Johnson & Johnson Submits sNDA for CAPLYTA®: A Major Step in Schizophrenia Relapse Prevention

TITUSVILLE, N.J. – July 8, 2025 – Johnson & Johnson (NYSE: JNJ) today announced a significant milestone in its commitment to mental health, with the submission of a supplemental New Drug Application (sNDA) to the U.S. Food and Drug Administration (FDA). This submission is based on robust, long-term Phase 3 data demonstrating the efficacy and safety of CAPLYTA® (lumateperone) for the prevention of relapse in adults with schizophrenia. The data highlights a remarkable 63 percent reduction in the risk of relapse compared to placebo, underscoring CAPLYTA®'s potential to significantly improve patient outcomes.

Expanding Treatment Horizons for Schizophrenia

CAPLYTA®, developed by Intra-Cellular Therapies and now part of Johnson & Johnson's expanding neuroscience portfolio, is already FDA-approved for the treatment of schizophrenia and is the first and only approved treatment for bipolar I and II depression as both an adjunctive and monotherapy. The potential approval of this sNDA would further solidify CAPLYTA®'s role as a cornerstone therapy in managing complex psychiatric conditions. This strategic addition to Johnson & Johnson's robust portfolio of therapies means the company now offers the broadest range of treatment options for adults with schizophrenia, reinforcing its leadership in neuroscience.

Schizophrenia is a chronic and severe mental disorder affecting millions worldwide, characterized by profound disruptions in thought processes, perceptions, emotional responsiveness, and social interactions. Relapse prevention is a critical aspect of long-term management, as each relapse can lead to further functional decline and increased burden on patients, caregivers, and healthcare systems. The 63% reduction in relapse risk observed in the Phase 3 study is a compelling indicator of CAPLYTA®'s potential to offer a more stable and predictable course of illness for patients.

Clinical Data and Market Impact

The sNDA submission is a direct result of comprehensive long-term Phase 3 clinical trials that rigorously evaluated CAPLYTA®'s ability to prevent relapse. These studies involved a diverse patient population and meticulously tracked key endpoints related to relapse rates, safety, and tolerability. The positive outcomes from these trials provide strong evidence supporting CAPLYTA®'s therapeutic value in this critical indication.

From a market perspective, the potential approval of CAPLYTA® for relapse prevention would address a significant unmet medical need. While existing treatments manage acute symptoms, long-term relapse prevention remains a challenge. A therapy that can substantially reduce relapse rates offers immense value to patients, healthcare providers, and payers. This could translate into reduced hospitalizations, improved quality of life, and lower overall healthcare costs associated with managing recurrent episodes of schizophrenia.

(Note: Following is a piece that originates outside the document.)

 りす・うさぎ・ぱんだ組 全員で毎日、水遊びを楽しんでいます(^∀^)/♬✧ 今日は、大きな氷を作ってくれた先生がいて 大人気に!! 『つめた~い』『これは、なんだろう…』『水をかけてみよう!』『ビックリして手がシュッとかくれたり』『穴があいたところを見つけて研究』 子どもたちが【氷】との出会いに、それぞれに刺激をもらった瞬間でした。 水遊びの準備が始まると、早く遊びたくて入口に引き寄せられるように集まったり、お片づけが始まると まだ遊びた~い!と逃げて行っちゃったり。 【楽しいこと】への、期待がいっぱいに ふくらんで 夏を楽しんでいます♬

Investment Insights for JNJ Shareholders

For investors, this sNDA submission represents a positive development for Johnson & Johnson. The expansion of CAPLYTA®'s label to include relapse prevention for schizophrenia would enhance its market potential and revenue streams. As a diversified healthcare giant, JNJ's pharmaceutical segment is a key growth driver, and new indications for established or recently acquired drugs contribute significantly to this growth.

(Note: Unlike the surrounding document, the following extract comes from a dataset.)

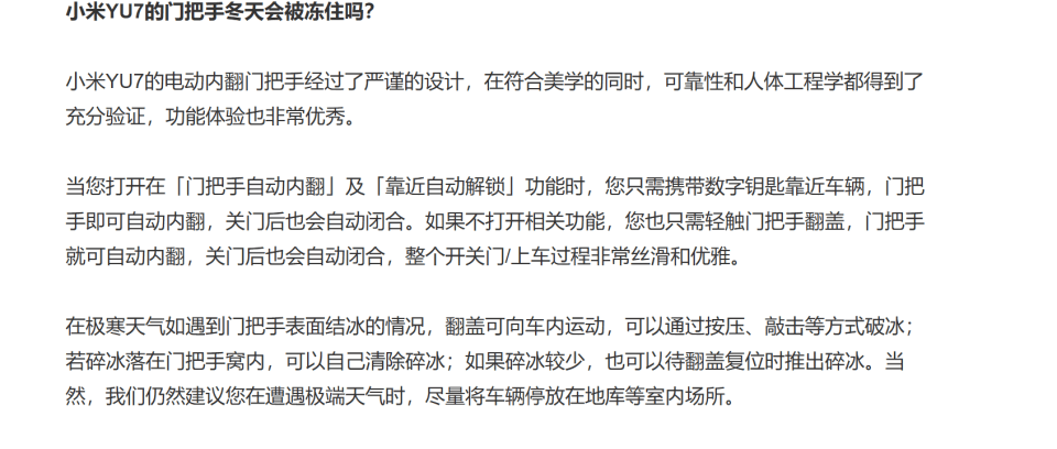 用了全隱藏式的小米YU7,門把手蓋板并不完全依賴電動開啟和閉合,可以手動把蓋板往里面翻。其次門把手有兩種解鎖方式,常規情況下是電動,在發生碰撞后會變成機械解鎖,并且對于冬天場景也做了相應優化。

This move reinforces JNJ's commitment to innovation in neuroscience, a therapeutic area with high unmet needs and significant market opportunities. The successful integration of CAPLYTA® into JNJ's portfolio, coupled with this sNDA, demonstrates effective pipeline management and strategic acquisitions. Investors should view this as a positive signal regarding JNJ's long-term pharmaceutical growth trajectory and its ability to leverage its extensive commercial infrastructure to maximize the reach of its therapies. Continued monitoring of the FDA's review process and subsequent commercialization efforts will be crucial for assessing the full financial impact.

Looking Ahead

The FDA's review process for sNDAs typically involves a thorough evaluation of the submitted data. Johnson & Johnson will work closely with the agency to facilitate a timely review. A positive decision would not only benefit patients but also further strengthen JNJ's position as a leader in mental health therapeutics, contributing to its sustained growth and market leadership.